◆ RECORDS PROVIDED:
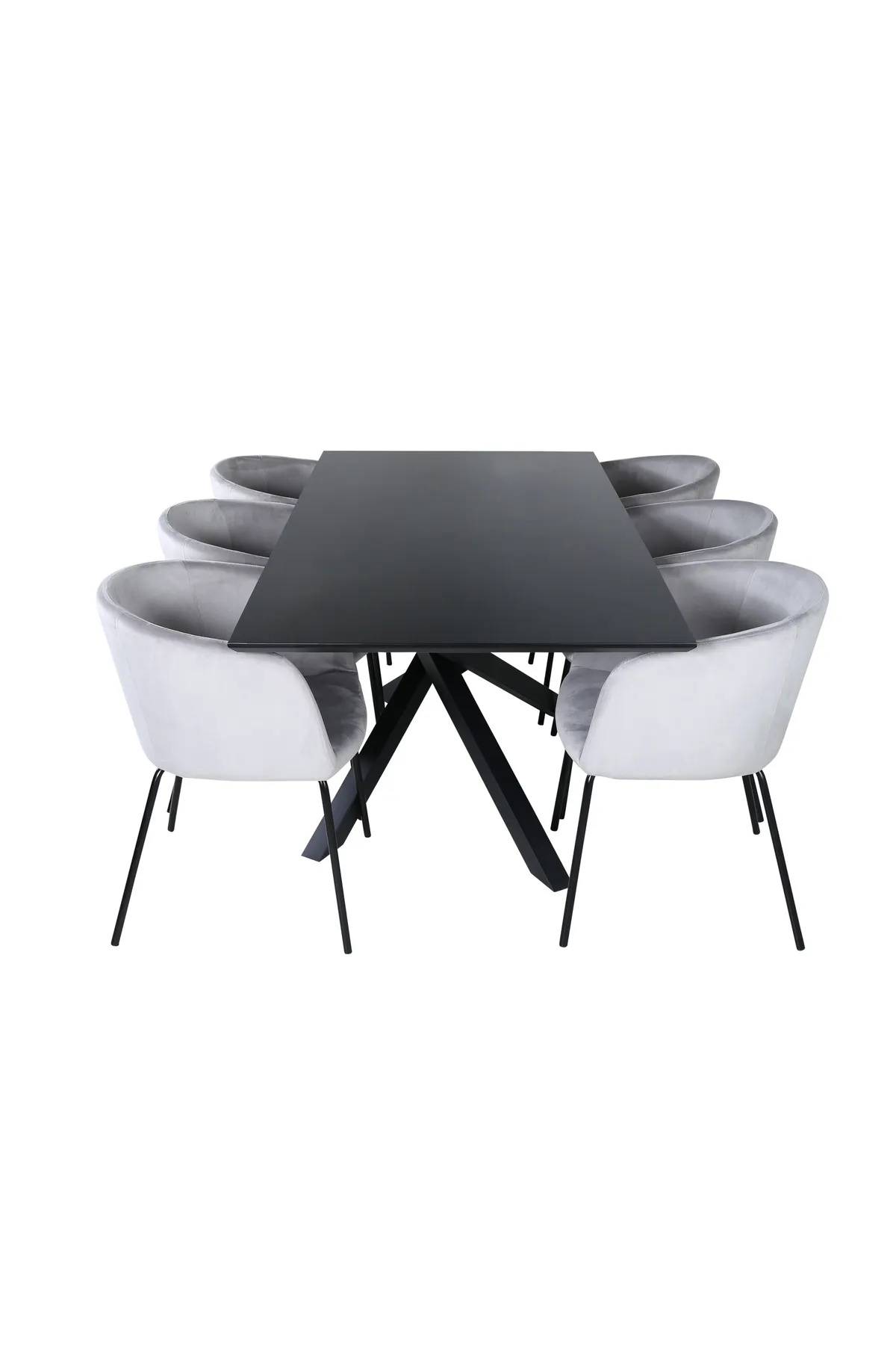 Richten Sie sich einladend ein und schaffen Sie einen stilvollen Look in Ihrem Zuhause! Piazza ist unser beliebter rechteckiger Esstisch mit luxuriöser Ausstrahlung und trendigen Details im Design. Die Tischplatte ist aus MDF-Furnieren in schwarzer Farbe gefertigt und der Korpus bildet mit den gekreuzten Beinen aus schwarzem Eisen einen steten Blickfang. Hier in wunderbarer Kombination mit unseren eleganten Esszimmerstühlen aus der Serie Berit. Der Stuhl hat ein luxuriöses Design in grauem Samtstoff und die Stuhlbeine sind stilvoll schmal in schwarzem Eisen. Sitzen Sie bequem und genießen Sie angenehme Mahlzeiten!
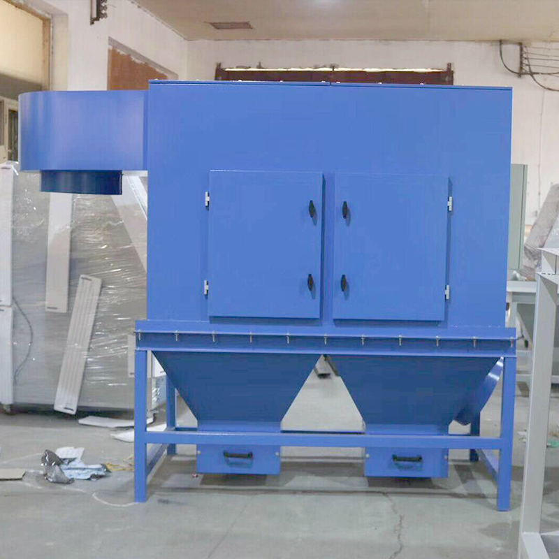 含塵氣體進入箱體內,由扁布袋過濾器進行過濾,粉塵被阻留在濾袋外表面,已凈化的氣體通過濾袋進入風機,由風機吸入直接排出,隨著過濾時間的增加,濾袋外面粘附的粉塵也不斷增加,濾袋阻力也相應增大,從而影響了除塵效率,此時啟動振打機構使粘附在濾袋表面的粉塵抖落下來,落在抽屜中的粉塵由人工拉出。
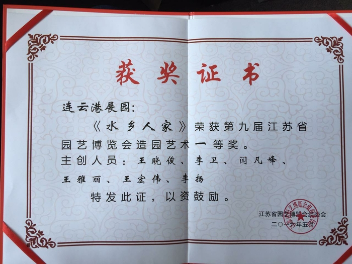 連云港展園榮獲第九屆江蘇省園藝博覽會造園藝術(shù)一等獎
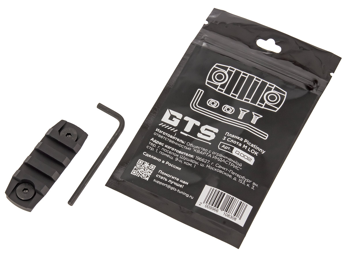 Планка Picatinny GTS Q.002 предназначена для размещения в слотах M-LOK оборудования с посадочным местом Picatinny. Устанавливается с помощью двух закладных и винтов к ним, входящих в комплект. Планка изготовлена из высокопрочного авиационного алюминия Д16T и имеет 3 слота.
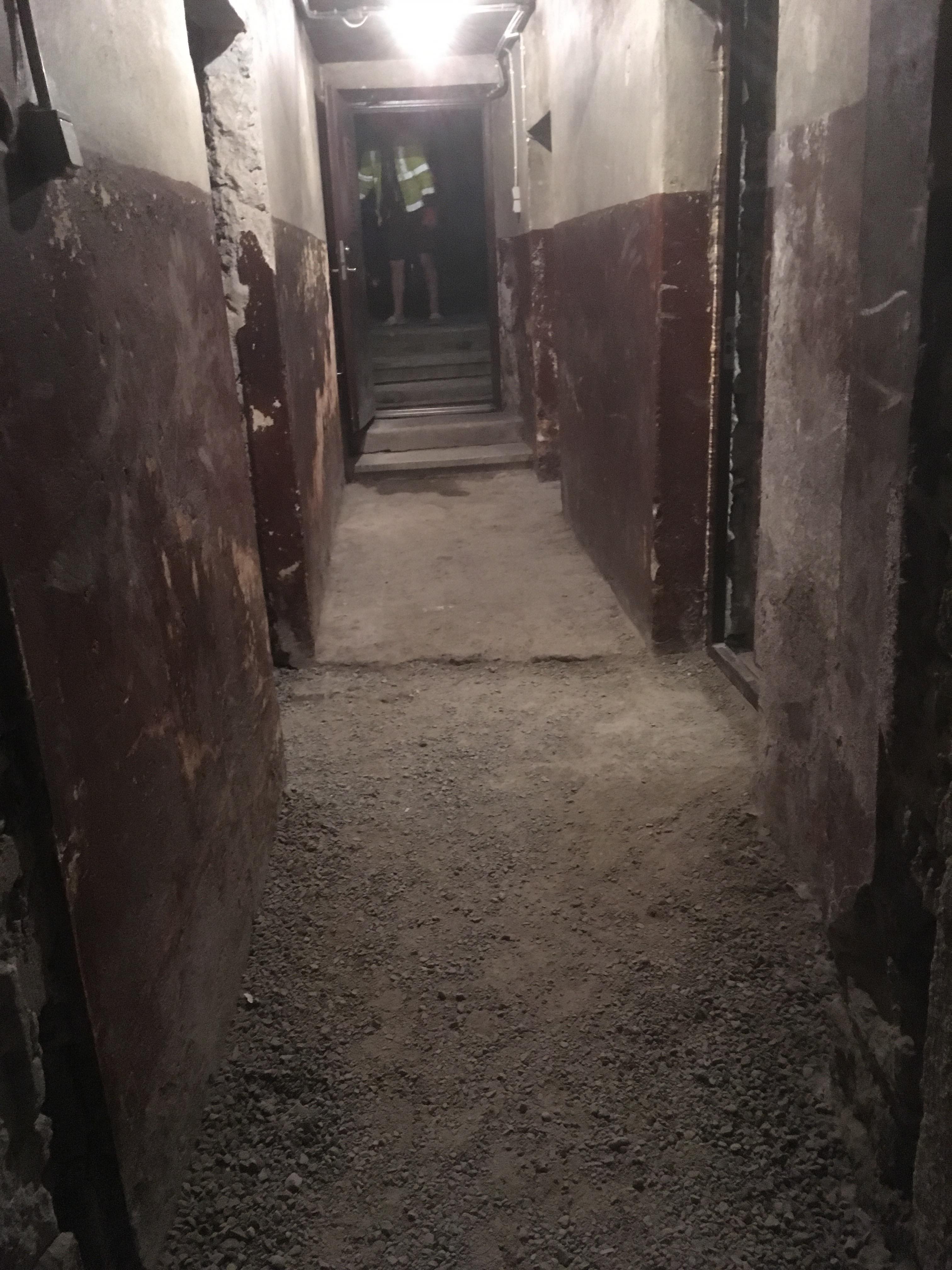 Enne kui asuda killustiku kihi tasandamisele tuleb teostada pealmise kihi u 70mm ulatuses, läbipesu, et eemaldada orgaaniline materjal, mis hilisemas ekspluatatsioonis võiks põranda alla hakata niiskuse mõjul lagunema. Koridoris on osaliselt teostatud ka betooni valu. Antud osa on plaanis eemaldada.
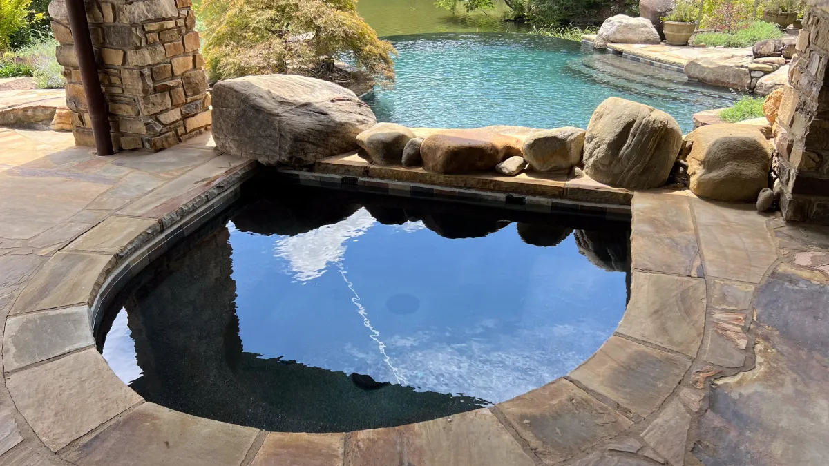 natural rock & boulder spa - sculpted to blend with the landscape. Built from stone or boulder clusters, it gives a natural, organic feel.

◆ EXERCISE REQUIREMENTS:
Return the material verbatim; the images are not to appear in the copy.

◆ TASK RESULT:
 Richten Sie sich einladend ein und schaffen Sie einen stilvollen Look in Ihrem Zuhause! Piazza ist unser beliebter rechteckiger Esstisch mit luxuriöser Ausstrahlung und trendigen Details im Design. Die Tischplatte ist aus MDF-Furnieren in schwarzer Farbe gefertigt und der Korpus bildet mit den gekreuzten Beinen aus schwarzem Eisen einen steten Blickfang. Hier in wunderbarer Kombination mit unseren eleganten Esszimmerstühlen aus der Serie Berit. Der Stuhl hat ein luxuriöses Design in grauem Samtstoff und die Stuhlbeine sind stilvoll schmal in schwarzem Eisen. Sitzen Sie bequem und genießen Sie angenehme Mahlzeiten!
 含塵氣體進入箱體內,由扁布袋過濾器進行過濾,粉塵被阻留在濾袋外表面,已凈化的氣體通過濾袋進入風機,由風機吸入直接排出,隨著過濾時間的增加,濾袋外面粘附的粉塵也不斷增加,濾袋阻力也相應增大,從而影響了除塵效率,此時啟動振打機構使粘附在濾袋表面的粉塵抖落下來,落在抽屜中的粉塵由人工拉出。
 連云港展園榮獲第九屆江蘇省園藝博覽會造園藝術(shù)一等獎
 Планка Picatinny GTS Q.002 предназначена для размещения в слотах M-LOK оборудования с посадочным местом Picatinny. Устанавливается с помощью двух закладных и винтов к ним, входящих в комплект. Планка изготовлена из высокопрочного авиационного алюминия Д16T и имеет 3 слота.
 Enne kui asuda killustiku kihi tasandamisele tuleb teostada pealmise kihi u 70mm ulatuses, läbipesu, et eemaldada orgaaniline materjal, mis hilisemas ekspluatatsioonis võiks põranda alla hakata niiskuse mõjul lagunema. Koridoris on osaliselt teostatud ka betooni valu. Antud osa on plaanis eemaldada.
 natural rock & boulder spa - sculpted to blend with the landscape. Built from stone or boulder clusters, it gives a natural, organic feel.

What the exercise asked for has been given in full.